In this way, a cylindrical separation container that is an external vibrating body in which powders having different density differences to be separated are accommodated, an air diffuser provided on the entire bottom surface of the separation container, and a center in the separation container A cylindrical internal vibrator which is located on the shaft portion and is suspended from above, and a plurality of vibration modes which are provided on the outer peripheral side of the separation container and which vibrate the separation container, each having a different frequency. A plurality of vibration motors that are provided on the internal vibration body side and that vibrate the internal vibration body, each having a different frequency, and a diffuser hole at the bottom of the separation container from the lower side of the separation container. A fluidized gas supply device for supplying a fluidized gas through a fluidized gas supply device for generating fine fluidized bubbles in the powder in the separation container. The density difference separation action like

That is, when the cylindrical separation container is vibrated using a plurality of vibration motors having different frequencies on the outer peripheral side of the separation container, the amplitude of the powder in the separation container is increased from the outside in the radial direction. Periodic vibrations that change periodically can be applied. Further, when the internal vibration body is vibrated by a plurality of vibration motors on the internal vibration body side, each of which has a different frequency, the torsional vibration whose amplitude periodically changes from the radially inner side with respect to the powder in the separation container. Can act.

As a result, in the powder part in the separation container, the torsional vibration from the plurality of vibration motors on the outer periphery side of the radially outer side and the torsional vibration from the plurality of vibration motors on the inner vibration body side in the radial direction are mutually As a result of the interference, an impact force is generated along with the vibration, and the adhesion force between the powders having different density differences to be separated by the impact force is effectively reduced.

In addition, in the same state, the fluidized gas is supplied from the fluidized gas supply device to the powders having different density differences through the air diffusion holes provided at the bottom of the separation container. The fluidization gas promotes fluidization of powders having different density differences in the separation container in which the mutual adhesion force is reduced.

As a result, it is possible to enhance the dispersion effect of powders having different density differences, and to greatly improve the density difference separation effect due to vibration.

Further, in the case of the configuration of the present invention, in such a case, the cylindrical internal vibrator is formed at the upper end side of the powder supply port with different density difference to be separated, and on the other hand, The lower end side is formed at the introduction port of the powder having a different density difference to be separated into the separation container, and the introduction port into the separation container forms the bottom of the cylindrical internal vibrator. And an upward convex conical cover provided with an outlet for fluidizing gas supplied from the fluidizing gas supply device in the circumferential direction of the conical surface, and the inner vibrating body peripheral wall portion outside the conical surface of the conical cover The powder with different density differences to be separated is dispersed and fluidized in the separation container via the cylindrical internal vibrator. It has been introduced.

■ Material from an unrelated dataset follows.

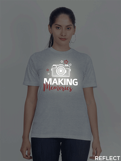 The base color of the print is light grey?subtle on its own but transforms when exposed to light. As light hits the print, it comes to life, glowing brightly and drawing attention. For the best results, light from different angles enhances its reflective brilliance, and even a phone flash instantly reveals its vibrant effect.
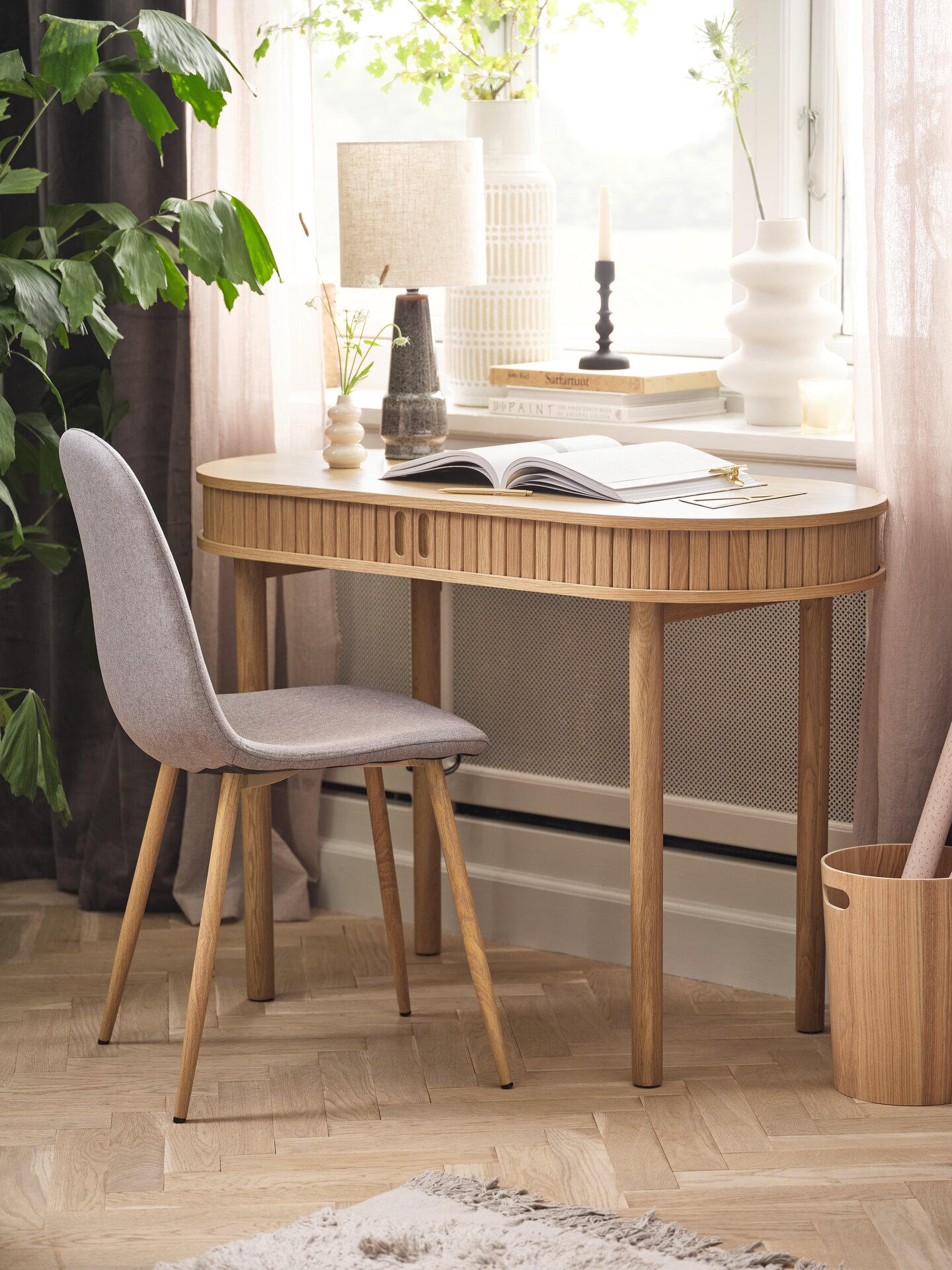 U dnevnoj sobi to znači: sofa u svetlim tonovima, drveni sto čistih linija, vaze od keramike nepravilnih oblika i pletene korpe od jute. Sve izgleda spontano, ali promišljeno – kao da prostor ima sopstvenu tišinu.

That is, in this configuration, the powder introduction ducts having different density differences are formed by the cylindrical internal vibrating body, which itself vibrates effectively and becomes a shearing vibration source. Dispersion and fluidity of the body are increased and clogging is less likely to occur.

In addition, the lower end side of the inlet portion forms the bottom of a cylindrical internal vibrating body that is a powder introduction duct having different density differences, and is supplied from the fluidized gas supply device in the circumferential direction of the conical surface. An upwardly projecting conical cover having a fluidized gas outlet, and a powder outlet hole formed in the circumferential direction of the peripheral wall of the internal vibrating body outside the conical surface of the conical cover. It is configured.

Accordingly, the powders having different density differences to be separated supplied to the separation container are blown out of the fluidized gas on the conical surface of the conical cover even when they are introduced into the separation container through the cylindrical internal vibrator. Dispersion and fluidization are promoted by the fluidized gas blown obliquely upward from the mouth, and are introduced in an effective dispersion and fluidized state.
Therefore, the separation effect of powders having different density differences to be separated introduced into the separation container is further improved.

As a result of the above, according to the invention of this application , even in the case of coal ash and the like containing a large amount of fine particles having a high particle size of 10 μm or less, the adhesive force is more effectively reduced and a stable state is achieved. Thus, coal ash can be fluidized and dispersed, and unburned coal can be separated and recovered with high accuracy.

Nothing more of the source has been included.